The thing is, though, I don't think it's an example in the way you're using it. I think you've reached your conclusion, and have been looking for stuff (present or missing) to justify that conclusion.
I don't know what to tell you. i wasn't even thinking about 4E when it happened. I was, as I said, perusing the 3.0 DMG, mostly trying to decide whether I wanted to work with 3E or 2E to try and get a game off the ground, and ran across the section on asian weapons, guns and lasers. I literally stopped reading and ran to get my 4E DMG and check and see if there were guns in there -- not because I was looking to take a shot at 4E, but because as much as I don't like the way the game is built from the players' rules perspective, I do like the 4E DMG (both as a guide to running a certain kind of D&D and from a technical, utility perspective) and I wanted to know if that little tidbit that has always been there was in fact there in the 4E DMG.
Like a lot of folks here, I have been gaming for decades, the majority of it with one version of D&D or another. Modelling guns/lasers/cyborg dinos in the rules isn't the issue; me personally needing to be told it's okay to have guns/lasers/cyborg dinos in my game isn't the issue. I am a verteran gamer. I can do those things and not feel bad about it.
The issue -- and I'll try and use a little less hyperbole now that it's not 2 AM -- is simply that 4E feels more limited, more tightly focussed, more gamey and less simmy in its core set than any other edition. For me, obviously, this is a bad thing. And just as obviously, for some it is a good thing (likely because they prefer the style of play and scope of meta-genre 4e aims for and hits dead on).

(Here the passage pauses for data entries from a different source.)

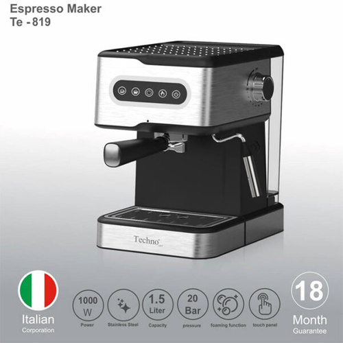 اسپرسو ساز تکنو مدل Te-819 با ظاهری زیبا و منحصر به فرد طراحی شده و با توجه به کیفیت ساختی که دارد، برای مصارف خانگی و یا کافه های کوچک انتخاب بسیار مناسبی می باشد. اسپرسو ساز تکنو مدل Te-819 با توان 1000 وات و فشار پمپ بخار 20 بار قادر است، در مدت زمان کوتاهی انواع نوشیدنی هایی همچون اسپرسو، کاپوچینو و لاته را با حفظ طعم واقعی تهیه نماید. همچنین نازلی در کنار اسپرسو ساز تکنو مدل Te-819 جهت تهیه کف شیر برای کاپوچینو تعبیه شده و سینی آن به صورت متحرک و چکه گیر می باشد که مانع از چکیدن مایعات از دستگاه می گردد .
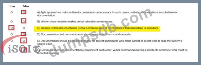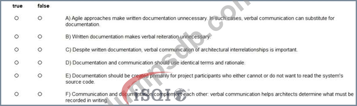 How are written documentation and verbal communication of software architectures related? Please mark the following statements as true or false. (Assign all answers.)
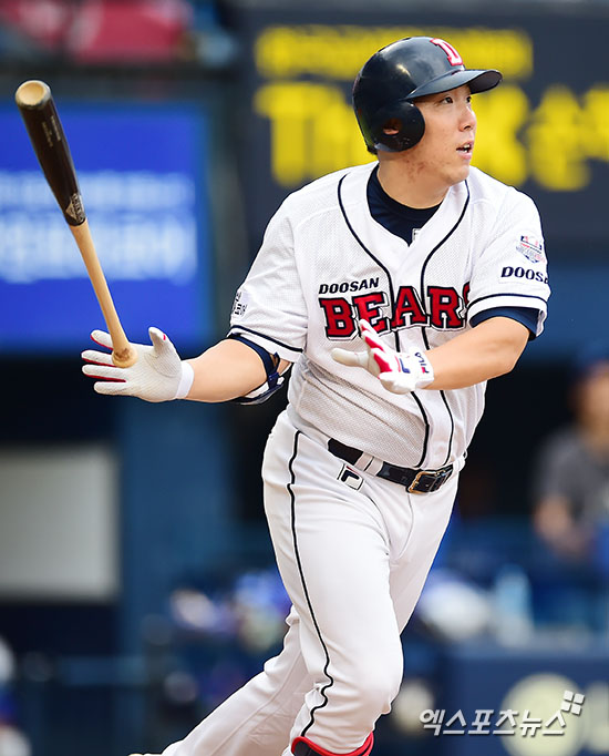 [엑스포츠뉴스=김한준 기자] 1일 오후 서울 송파구 잠실야구장에서 열린 '2015 타이어뱅크 KBO리그' 삼성 라이온즈와 두산 베어스의 경기, 1회말 1사 1루 두산 김현수가 타격을 하고 있다. 결과는 우익수 플라이 아웃.

I don't hate 4E, i just don't like its focus. If a 3rd party publisher or WotC provides some well written, well designed book that shifts or broadens the game away from the core's tight focus on cinematic action/tactical skirmishing, I'll likely run the game. When there's a collection of classes and/or powers that differentiates characters and roles more, that supports my preferred play style, I'll be happy to become a fan of the game. It just seems like something of a waste to try and shoehorn 4E characters, as they are designed in the core, into the kind of game I prefer to run. That's not an attack on 4E, it's just a fact of where my preferences and those of the designers don't mesh particularly well.
And ultimately the only reason it troubles me is that it's easier to find people to play the current edition of D&D than it is to find people to play an older edition. Not objective, I know, but whatcha gonna do?